• _Exercise data_
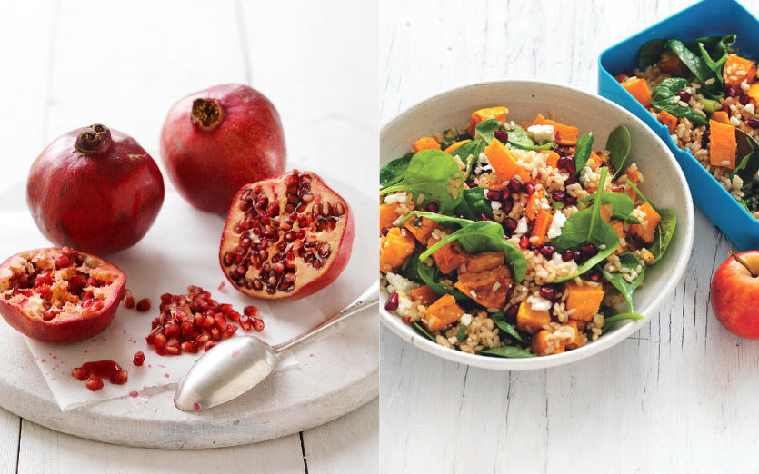 With their glorious sweet/sour flavour, pomegranates are used to enhance many sweet and savoury dishes. Try these two delicious Autumn dishes.
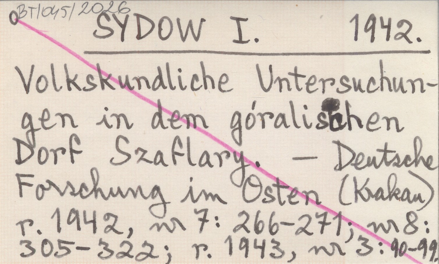 SYDOW I. 1942 Volkskundliche Untersuchungen in dem góralischen Dorf Szaflary.
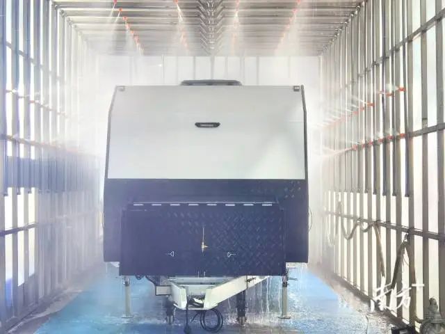 在奇拓企业房车试水区,拖挂式房车成品正进行防水测试。 南方+ 张秀蓝 拍摄另一边,随着中美关税窗口期的开启,不少三水外贸企业对美业务迎来复苏拐点,从积压订单重启到新增订单激增,从车间昼夜赶工到港口极速抢舱,新一轮的浪潮之下,三水外贸企业能否在本轮贸易湍流中再次稳住航向?
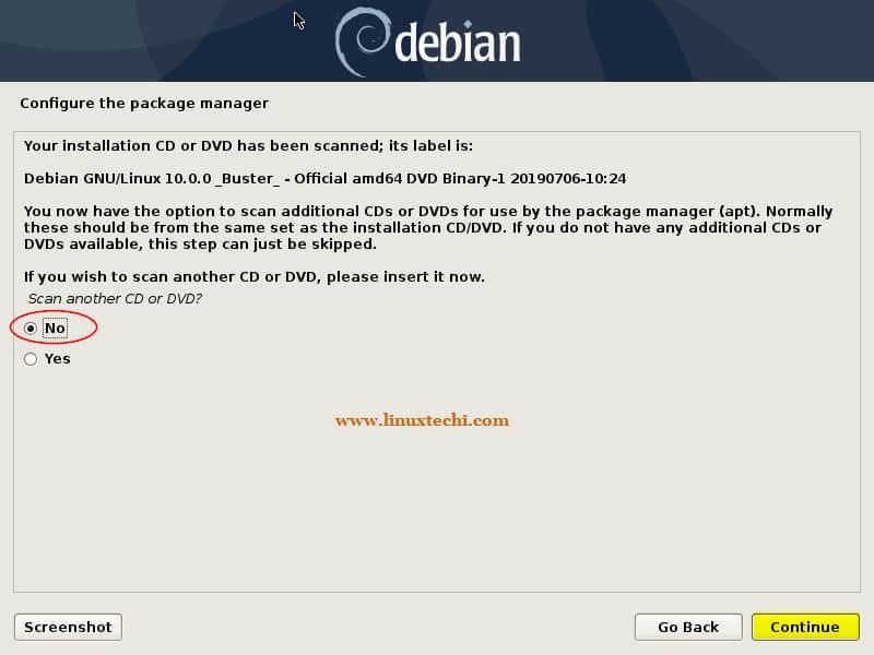 在安装期间,安装器将提示你扫描 CD/DVD 以配置软件包管理器,选择 “No” ,然后在 “Continue” 上单击。

• _Exercise description_
With the pictures removed, set down every line of the listing above exactly.

• _Answer to this task_
 With their glorious sweet/sour flavour, pomegranates are used to enhance many sweet and savoury dishes. Try these two delicious Autumn dishes.
 SYDOW I. 1942 Volkskundliche Untersuchungen in dem góralischen Dorf Szaflary.
 在奇拓企业房车试水区,拖挂式房车成品正进行防水测试。 南方+ 张秀蓝 拍摄另一边,随着中美关税窗口期的开启,不少三水外贸企业对美业务迎来复苏拐点,从积压订单重启到新增订单激增,从车间昼夜赶工到港口极速抢舱,新一轮的浪潮之下,三水外贸企业能否在本轮贸易湍流中再次稳住航向?
 在安装期间,安装器将提示你扫描 CD/DVD 以配置软件包管理器,选择 “No” ,然后在 “Continue” 上单击。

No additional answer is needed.